Zoroastrianism is considered one of the religions that legalized slavery, where poor slaves were brought in from wars.

== Sasanian Iran ==
Under this period Roman prisoners of war were used in farming in Babylonia, Shush, and Persis.

=== Sasanian laws on slavery ===
Some of the laws governing the ownership and treatment of slaves can be found in the legal compilation called the Matigan-i Hazar Datistan, a collection of rulings by Sasanian judges. Principles that can be inferred from the laws include:

- Sources of slaves were both foreign (e.g., non-Zoroastrians captives from warfare or raiding or slaves imported from outside the Empire by traders) or domestic (e.g., hereditary slaves, children sold into slavery by their fathers, or criminals enslaved as punishment). Some cases suggest that a criminal's family might also be condemned to servitude. At the time of the manuscript's composition, Iranian slavery was hereditary on the mother's side (so that a child of a free man and a slave woman would be a slave), although the author reports that in earlier Persian history it may have been the opposite, being inherited from the father's side.
- Slave-owners had the right to the slaves' income.
- While slaves were formally chattel (property) and were liable to the same legal treatment as nonhuman property (for example, they could be sold at will, rented, owned jointly, inherited, given as security for a loan, etc.), Sasanian courts did not treat them completely as objects; for example, slaves were allowed to testify in court in cases concerning them, rather than only permitted to be represented by their owners.
- Slaves were often given to the Zoroastrian fire temples as a pious offering, in which case they and their descendants would become temple-slaves.
- Excessive cruelty towards slaves could result in the owners' being brought to court; a court case involving a slave whose owner tried to drown him in the Tigris River is recorded, though without stating the outcome of the case.
- If a non-Zoroastrian slave, such as a Christian slave, converted to Zoroastrianism, he or she could pay his or her price and attain freedom; i.e., as long as the owner was compensated, manumission was required.
- Owners could also voluntarily manumit their slaves, in which case the former slave became a subject of the Sasanian King of Kings and could not lawfully be re-enslaved later. Manumissions were recorded, which suggests that a freedman who was challenged would be able to document their free status.
- Uniquely in comparison to Western slave systems, Sasanian slavery recognized partial manumission (relevant in the case of a jointly owned slave, only some of whose owners were willing to manumit). In case of a slave who was, e.g., one-half manumitted, the slave would serve in alternating years.

To free a slave (irrespective of his or her faith) was considered a good deed. Slaves had some rights including keeping gifts from the owner and at least three days of rest in the month.

== Mazdakism ==

Ibn al-Athir stated that Mazdak treated men, women, slaves, and female slaves equally, but he treated slaves and female slaves as property, distributing them among people.

== Parsis ==

Maneckji Nusservanji Dhalla stated that the Parsis in India used to buy male and female slaves from the Indian.
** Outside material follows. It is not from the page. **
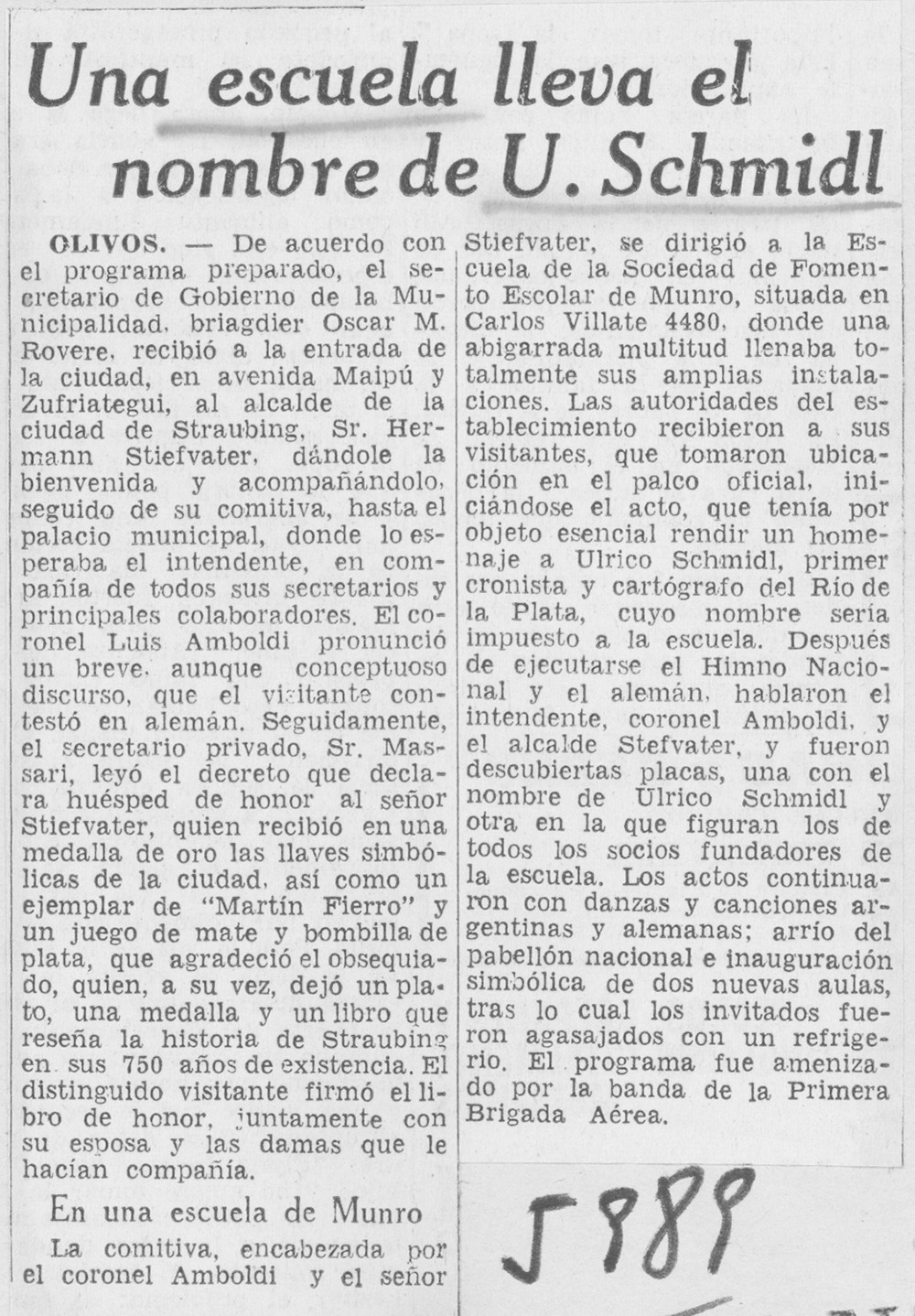 El artículo de La Nación, publicado el 24 de octubre de 1968, describe la ceremonia de inauguración de la Escuela de la Sociedad de Fomento Escolar de Munro en Carlos Villate 4480, la cual recibió el nombre de Ulrico Schmidl, en homenaje al cronista y cartógrafo del Río de la Plata.

Also in Rivayats, a collection of letters in which Parsis inquires about Zoroastrian religious rulings, include questions about slaves and religious duties. It is deduced that the Parsis purchased male, female (ayah), and child slaves. It is also mentioned that there were Zoroastrian slaves employed in arduous domestic work and on farms. A slave was tied to the land, and if the owner sold the land, the slave's ownership would pass to the buyer. Furthermore, it is noted that the Parsis forbade themselves from eating food prepared by non-Zoroastrians, considering it unclean. The Zoroastrians differed in their views on the conversion of slaves to Zoroastrianism. Zoroastrians in Iran believed they should be accepted into the faith, while others in Parsis refused, arguing that Zoroastrianism was not a proselytizing religion. A third from also some Parsis, more moderate view advocated accepting them, not for conversion but to facilitate their integration into the faith.  The Parthians' life with slaves included ritual purity rules, such as accepting food prepared by them. It is concluded that the majority of their slaves were Hindus, although there are indications that some were also Christians or slaves who converted to Christianity.

== Reasons for exclusion ==
Slaves were a number of prisoners of war taken by non-Iranians, or those kidnapped and sold as slaves. However, a Zoroastrian could also become a slave if one of his parents was a slave, or if he had debts he could not repay, or if a family member sold him if he was unable to help. The majority of slaves Zoroastrians were who could not pay their debts.